I took a deep breath and scanned the menu for the calling record. My cell number was first, with the date and time of Grace’s call noted in the corners of the tiny screen. I hit the menu button to see previous calls, going back once, twice, and then some.

“Oh man.” I started to shake with the full-body-willies.

Seven calls were stored in the phone’s memory. On a guess, I’d say they were all placed within minutes of Tom Jost’s death. I searched my pockets for a pen and scrap of paper from Jenny’s hospital admittance. I copied all the numbers down, so I wouldn’t lose anything to the phone’s waning charge. The first and last numbers were the same. Maybe it had been busy?

One of the numbers, I didn’t need to write down.

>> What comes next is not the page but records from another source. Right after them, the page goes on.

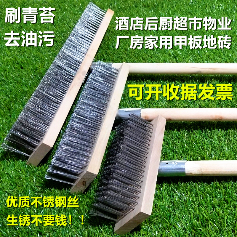 긴 손잡이 스테인레스 스틸 와이어 스크러버 타일 수영장 주방 바닥 청소 브러시 녹 오일 모스 하드 브러시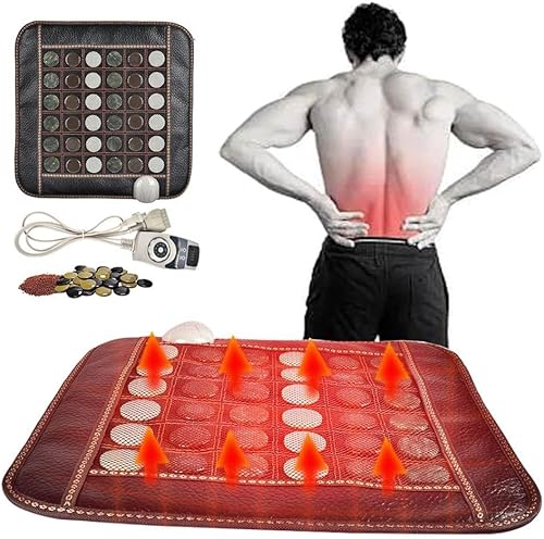 ICEMOB Långt Infraröd Naturlig Jade Turmalin Värmedyna Pro Hot Stone Therapy Mat Med Smart Controller, Infraröd Värmeterapi Läkning, Justerbar Temperatur Och Auto-Shut, 45 * 45 cm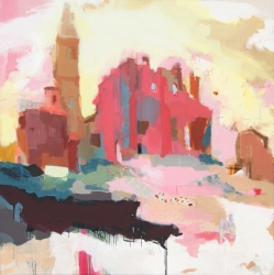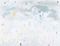 "VIDAS INFINITAS EN TIEMPOS OLVIDADOS", EXPOSICIÓN DE MARTA AGUIRRE EN LA SALA PROPUESTARTEJOVEN "Olvidaron el tema de su disputa". Acrílico, collage y lapiceros sobre tela. 200 x 200 cm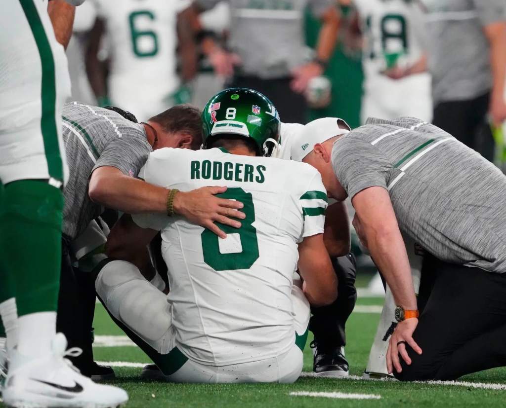 The New York Jets, even as their prized, four-time MVP offseason acquisition in Aaron Rodgers was knocked out of the game on the team’s first offensive series, unseated the Buffalo Bills on Monday night in a come-from-behind victory, 22-16.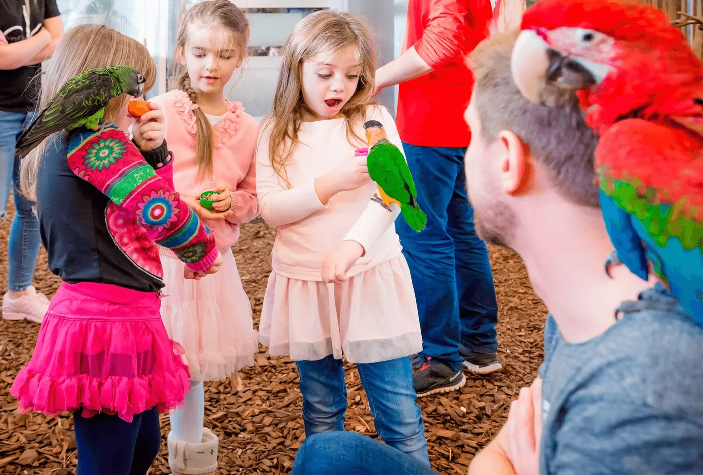 Nie ma dolnego limitu wiekowego dla dzieci odwiedzających papugarnię pod opieką dorosłego. Dzieci, które skończyły 12 lat mogą odwiedzać papugarnię samodzielnie.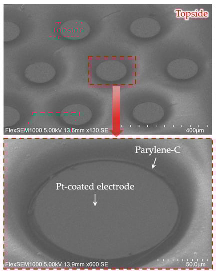 SEM images of the electrode array insulated by parylene-C, excluding the electrode sites.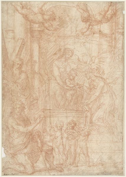 Curator: The drama positively vibrates off the page here. The piece before us, rendered in pen, is titled "The Centurion at the Cross." Giovanni Battista Piazzetta executed it sometime between 1692 and 1754. Editor: It certainly conveys a raw, visceral feel. There's a density to the composition, isn’t there? The layers of hatching create depth but also visual complexity, a kind of frantic energy. Curator: Precisely. Observe how the cross looms large, dominating the upper portion of the work, an inescapable symbol, naturally. Yet Piazzetta doesn’t just present the scene, he refracts it through line. Editor: It's intriguing how the artist employs such visible, almost hurried linework. The centurion, caught in a moment of realization—perhaps recognizing divine power or simply human fallibility. His figure serves as a focal point, and it leads our eyes up to the crucifixion, of course. I wonder what the image meant to its contemporary audience. What meaning did viewers find? Curator: Ah, meaning! Semiotics and the weight of representation is relevant here. Each figure becomes a signifier, laden with religious and historical baggage. The swirling lines almost dissolve the solidity of form, evoking an atmosphere of spiritual awakening and perhaps guilt. The pen, typically a tool of precision, here seems wielded for emotional impact. Editor: Indeed. Look how he uses light, or rather the absence of shading, to guide us. There are certain highlights—the upturned face of a soldier, the implied light from above—they accentuate the emotional turmoil. The formal properties elevate a moment in a historical account. Curator: Without the need of excessive visual theatrics from its historical moment of origin, the very bones of the thing communicate it just as well, in this form. Editor: A striking reminder that even seemingly simple forms can unlock incredibly deep pools of understanding and reaction. Curator: Quite. Thank you for unpacking with me what "The Centurion at the Cross" imparts to us today.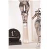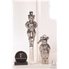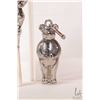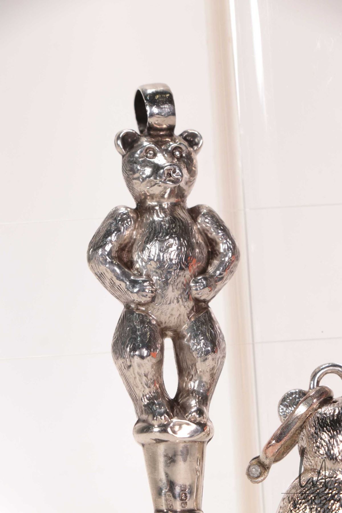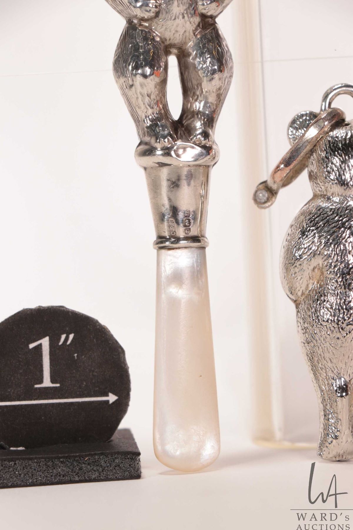 Two silver baby rattles including bear with mother-of-pearl gum soother with British sterling hallmarks and one unmarked bear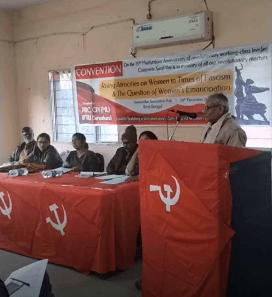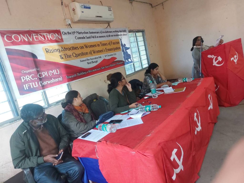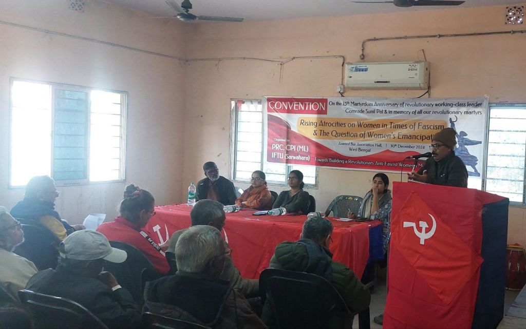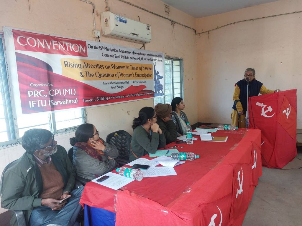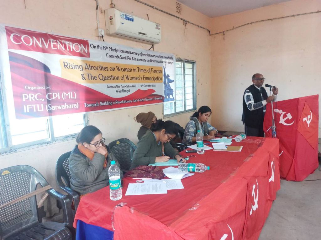 मजदूर नेता के क्रांतिकारी नेता कॉमरेड सुनील पाल की 15वीं शहादत वर्षगांठ के अवसर पर पीआरसी, सीपीआई (एमएल) और आईएफटीयू (सर्वहारा) द्वारा पश्चिम बंगाल के पश्चिम बर्धमान जिले के आसनसोल बार एसोसिएशन हॉल में 30 दिसंबर 2024 को “फासीवादी दौर में महिलाओं पर बढ़ता उत्पीड़न और महिला मुक्ति का प्रश्न” विषय पर एक कन्वेंशन का आयोजन किया गया।

It was the number for WWST.

Rachel watched me making the list. She pointed to the number that had been called second. “That’s the number for our phone at the dairy.”

“Do you know any of the others?”

She shook her head.

I put Tom’s phone back in Rachel’s lap and took out my own.

“This’ll only take a minute.” I called each number and made a note of who answered.

The Clarion.

Police non-emergency.

Firehouse, station six.

And one number identified as no longer in service.

Television, news, police, his partners in fire-this wasn’t a call for help. This was a staged media event.

Tom himself placed the calls that brought everyone to the scene. But how had the phone gotten into his father’s hands? I mumbled to myself for a while. Yucky thoughts. It was hard to tell if Grace and Rachel were concerned or disgusted. I waited to be asked something, anything.

Nothing.

Coming up with questions is never my problem. “Rachel, why give these things to me?”

She bowed her head. “I saw the box you brought my father that day. You knew already.”

“Knew what?”

“My father had those binoculars in the barn. I think he saw Thomas die.” She was crying now, jagged glassy tears. “And he sent me off to do my chores.”

She surprised me. Naive doesn’t mean stupid, but I didn’t expect her to be able to visualize the ugliness of the situation.

“I didn’t know. I only guessed,” I whispered. “Neither of us knows what happened-not really. How your dad got the phone. Or how he felt inside.”

Grace clutched Rachel’s hand in a grip that made the knobby knuckles of her old hands bulge. “Leave God’s business in God’s hands,” she chided.